How-To: Make a Travel Love Shrine

Craft & Design Paper Crafts

Crafty Chica Challeng: Love Shrine
CRAFT is celebrating love, glitter, and craftiness with the Crafty Chica Love Shrine Challenge. Preserve your memories and tell your love story by building a shrine that creatively reflects your personality and expresses your hopes and dreams.
I’ve been going crazy making these shrines! They are such great ways for me to use my ephemera and this project in particular includes some great memories. I heart NY, and my Travel Love Shrine is a like a three dimensional scrapbook of my time in the city.
How-To: Make a Love Shrine
How-To: Make a Wedding Love Shrine
How-To: Make a Woodland Love Shrine
For even more inspiration, check out the amazing entries in the Crafty Chica Challenge flickr pool. Once you make your own, please add it in, with a short description of your process. There are some great prizes, but if you make a shrine, you’ve automatically got the best prize there is!


Paper ephemera
including magazines, photographs, cards
including figurines, tiles, beads, flowers, glitter
Glue stick
Hot glue gun


Step 1: Gather your materials and choose a box that will accommodate them. Find a container that is sturdy, and that has a bit of depth to it. I used a sweet Onitsuka Tiger shoe box that I’ve been saving for something special.

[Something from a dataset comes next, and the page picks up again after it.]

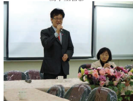
社長致詞期勉化仁國中棒球隊

Step 2: Add collage elements to the box. I started with a shiny plastic mailer that reminds me of a chain link fence and a disco ball at the same time. I covered the lid of the box with a subway map. Then I added a postcard of the Brooklyn Bridge. The bridge image became the centerpiece of my shrine. But instead of gluing it in right away, I decided to incorporate it in step 3.

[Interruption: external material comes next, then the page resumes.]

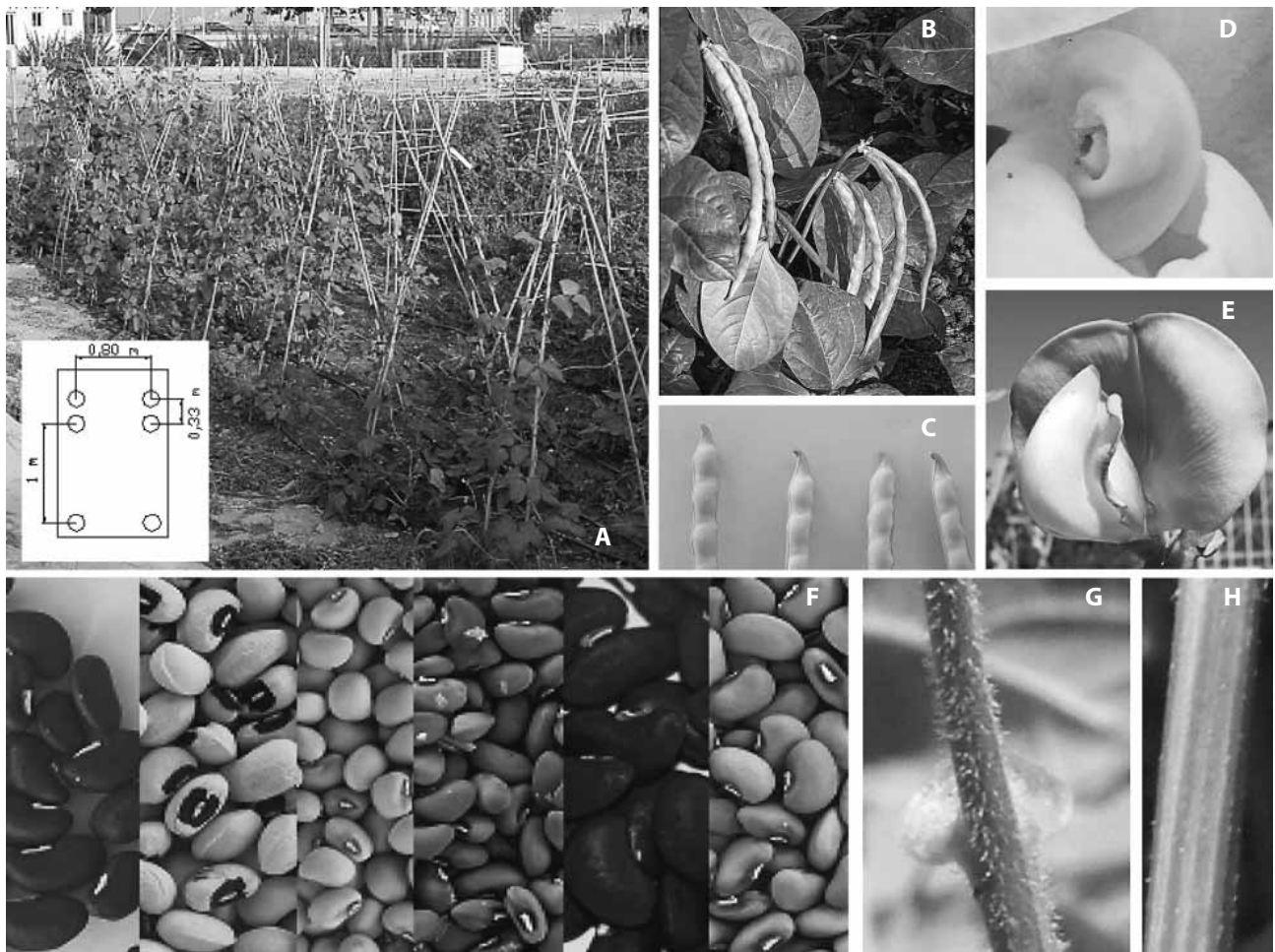
Figura 1. A) Marco de plantación. B) Legumbres. Nótese su posición en el extremo de largos pedúnculos. C) Ápice de las legumbres. D) Flor de judía común. Nótese la quilla enrollada. E) Flor de caupí. Nótese la flor completamente simétrica, con la quilla recta. F) Vaiabilidad de semillas de caupí. G) Tallo de judía común, con pelos uncinados. H) Tallo de caupí, glabro. I) Evolución de la superficie y producción del caupí en el mundo (1961-2004). Fuente: elaboración propia con datos de FAO.

Step 3: Create dimension with embellishments. I wanted to replicate the suspension aspect of the bridge with some picture hanging wire. I punched a hole in the postcard, and threaded wire through the top. Then I wrapped the end around two large bolts from my junk drawer. It was at this point that I glued the postcard in, and set the bolts in the front of the box. I love this effect.

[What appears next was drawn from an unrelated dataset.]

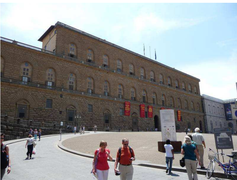
Her er vi kommet over broen og bort til Piazza de' Pitti. Bygningen er en del av Palazzo Pitti.

Step 4: Make your paper elements pop. I love the way the words New York look in this postcard, and wanted them to literally jump out. I cut two pieces of sturdy but lightweight cardstock. To use them for dimension, I folded the edges, glued the words to one end, and then used the other to attach them to the box.
Step 5: The words New York were not the only interesting part of the postcard. So I added the bridge to the corner of the box, then created my own skyscape with a cut out Empire State Building, a light bulb, and a film canister.
Step 6:To complete the piece, I found a chain and hung my metro card and a hotel key that accidentally ended up in my pocket. They dangle from a hole that was already punched in the box. I filled in the blanks of my box with personal notes from my trip, and a ticket from my trip to the New Mueseum. Adding photos to the blank spots in the background is usually something I do first, but this time I was working backward, I guess. I then attached more chain and colorful beads to the lid for a final touch.